Parameter:
PasswordCheckSettingShort description: Controls the server-side check of Notes ID password quality and password expiration during authentication.
Profile
Parameter | PasswordCheckSetting |
Category | Security / TLS |
Component | Server |
Available since | 10.0 |
Supported versions | 10.0, 11.0, 12.0, 14.0, 14.5, 14.5.1 |
GUI equivalent | Server document (Security → Password Management) |
Possible values | 0 = no check, 1 = check, 2 = check + required change |
Description
PasswordCheckSetting enables the server-side Notes ID password check. Level 1 validates the quality and expiry date of the ID file password during NRPC login – users with weak or expired passwords are warned or rejected. Level 2 additionally enforces a required password change, so users must set a new password at their next login.For compliance requirements (BSI, ISO 27001, BaFin), this is an important security switch – in combination with password policies in the Domino Directory.
Example configuration
PasswordCheckSetting=2
Notes & pitfalls
- Affects only Notes Clients (NRPC), not web / SMTP logins (Internet password policy applies there).

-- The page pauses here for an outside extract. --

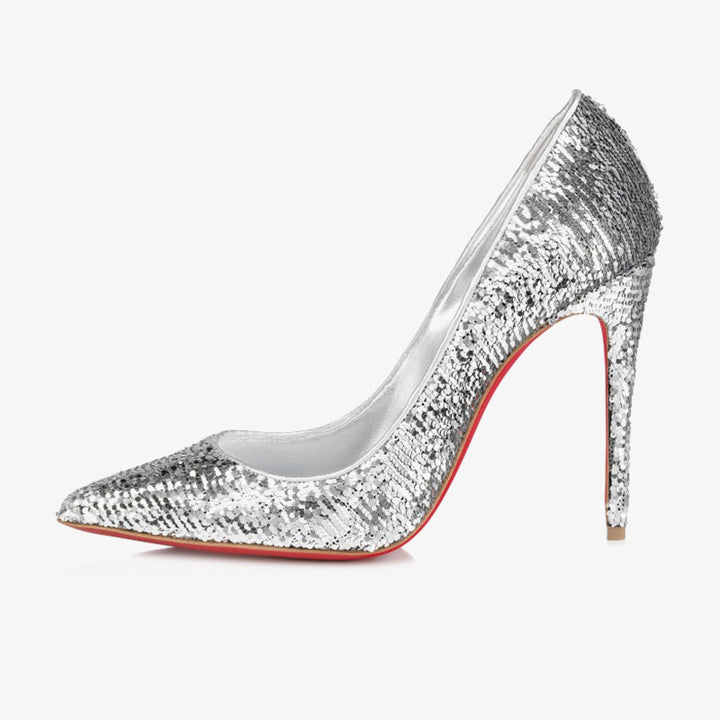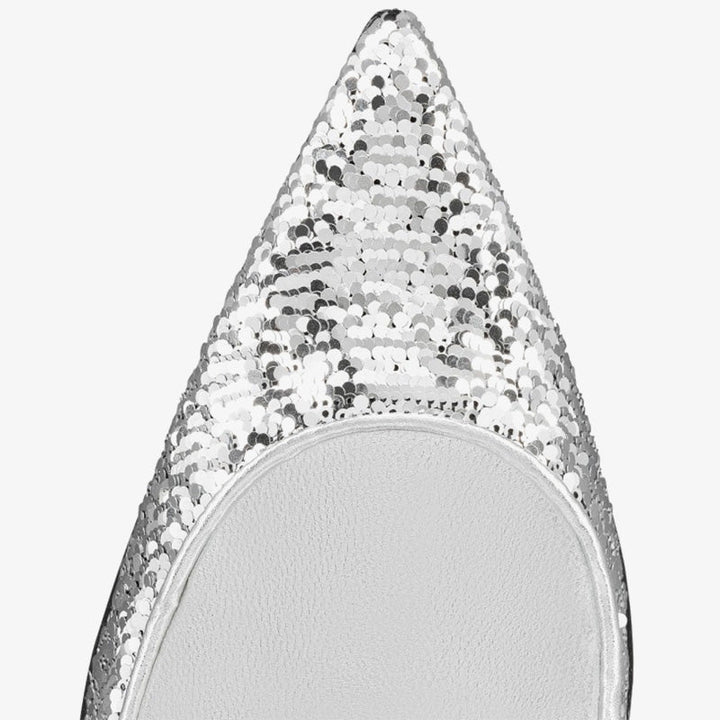A testament to expert craftsmanship, this pump features elegant lines and a boldly cut neckline that reveals the foot with confidence. The pointed toe adds a touch of urban sophistication, while the entire design is crafted from shimmering micro-sequined satin crepe. Set on a 100 mm heel, this refined style is exclusively available online.

- Requires configured password policies in the Domino Directory – otherwise the check has nothing to validate against.
- Takes effect after a server restart or a
set configreload.
- For finer control per person / group, use policies instead of the notes.ini switch.
- The Server document entry Compare Notes public keys against those stored in Directory should also be configured sensibly in parallel.